At Angry Bear, pgl throws the yellow flag on Greg Mankiw:

Greg Mankiw commits an intellectual foul in my view as he graphs the ratio of the Federal government debt held by the public to GDP as if our payroll contributions to prefunding our Social Security benefits are really employment tax increases designed to pay for that tax cut for Bill Gates et al...

Is Greg Mankiw recommending this backdoor employment tax increase? If he is, his graph makes sense.

It is certainly true that "debt held by the public" does not include government liabilities held in the Social Security Trust Fund, and that deficits look a good measure larger if we exclude surpluses of payroll contributions over Social Security benefit payments:

   

Deficits_with_and_without_social_securit

   

So, Social Security surpluses do indeed finance current spending in any given year. But if those surpluses truly do represent "prefunding our Social Security benefits", then the future payments to beneficiaries will be paid out of the debt accumulated by the Social Security trust fund. And the assets of the trust fund are simply Treasury securities that the government keeps for itself. 

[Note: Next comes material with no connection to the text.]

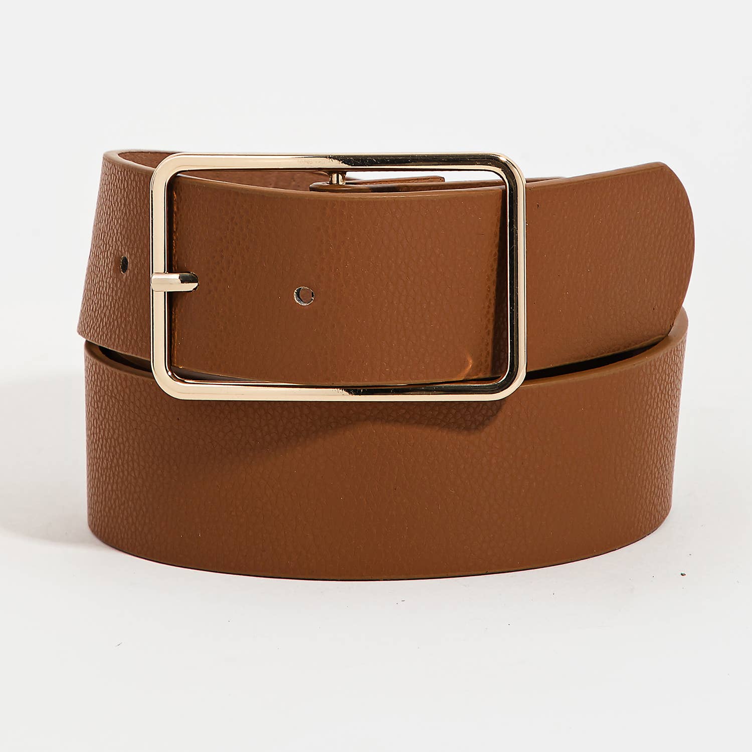 Faux Leather Rectangle Cutout Buckle Fashion Belt

Where will the funds to retire those securities come from?  With no social security surpluses, the answer is general revenues -- mainly individual and corporate income taxes.  While it is possible that some future Congress will choose to address the liability posed by trust fund claims by raising payroll taxes, that is not the default.  It may be fair, of course, to warn of "backdoor" tax increases generically.  Professor Mankiw says as much:

The looming problem with fiscal policy is the longer-term outlook, which will unfold over the next several decades as the baby-boom generation retires and starts collecting Social Security and Medicare. At that point, this series will start rising rapidly unless taxes are raised or spending is reduced compared with benefits promised under current law.

But a backdoor employment tax increase? Not necessarily.

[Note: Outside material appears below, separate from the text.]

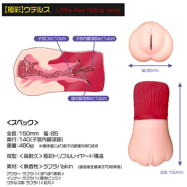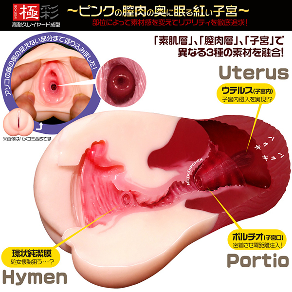 禁断の子宮脱プレイ!異なる3種の素材が融合した究極のウテルス(子宮)セックスオナホール「極彩 ウテルス」。 ●マジックアイズの極彩シリーズ●インパクト抜群のツートンボディ●素肌層、膣層、子宮の3種素材●すべすべ素肌のアウター部●膣肉ピンク色のインナー部●真っ赤に充血したウテルス部●挿入口付近に環状膜を配置●優しく包み込む柔らかな質感●高弾力な子宮口がお出迎え。 部位によって素材感を変え、リアリティを徹底追求した極彩トリプルレイヤード構造!リアルなポルチオ感触を味わえるウテルスオナホール。 ローションをたっぷり使えばギチギチの子宮内に侵入できるかも?柔肌と膣内の優しく包み込む柔らかな質感と、締まり抜群の高弾力な子宮の異なる挿入感をお楽しみ下さい。

UPDATE: Brad Delong notes, with approval, Jason Furman's comments at MaxSpeak :

My friend Greg Mankiw says we shouldn't be worried about the current fiscal situation, just the looming fiscal challenge. I'm not quite sure what to make of the statement, back in the Clinton administration our argument for running large surpluses and reducing the debt was precisely to prepare for the looming fiscal challenges.

First, although Greg can defend himself on this one, I think his point was pretty close to Jason's.  Second, although there may have been arguments for running large surpluses, the only year in which non-trust-fund surpluses actually arose was 2000.  Third, the policies in place at that time were arguably very far from addressing the "looming fiscal challenges." 

Just to anticipate the response to these comments, I am not arguing for or against economic policies put into place post-2000.  The fact, clearly articulated in the Mankiw post, is that structural imbalances in entitlement programs have not been addressed.  They weren't addressed then, they are not being addressed now.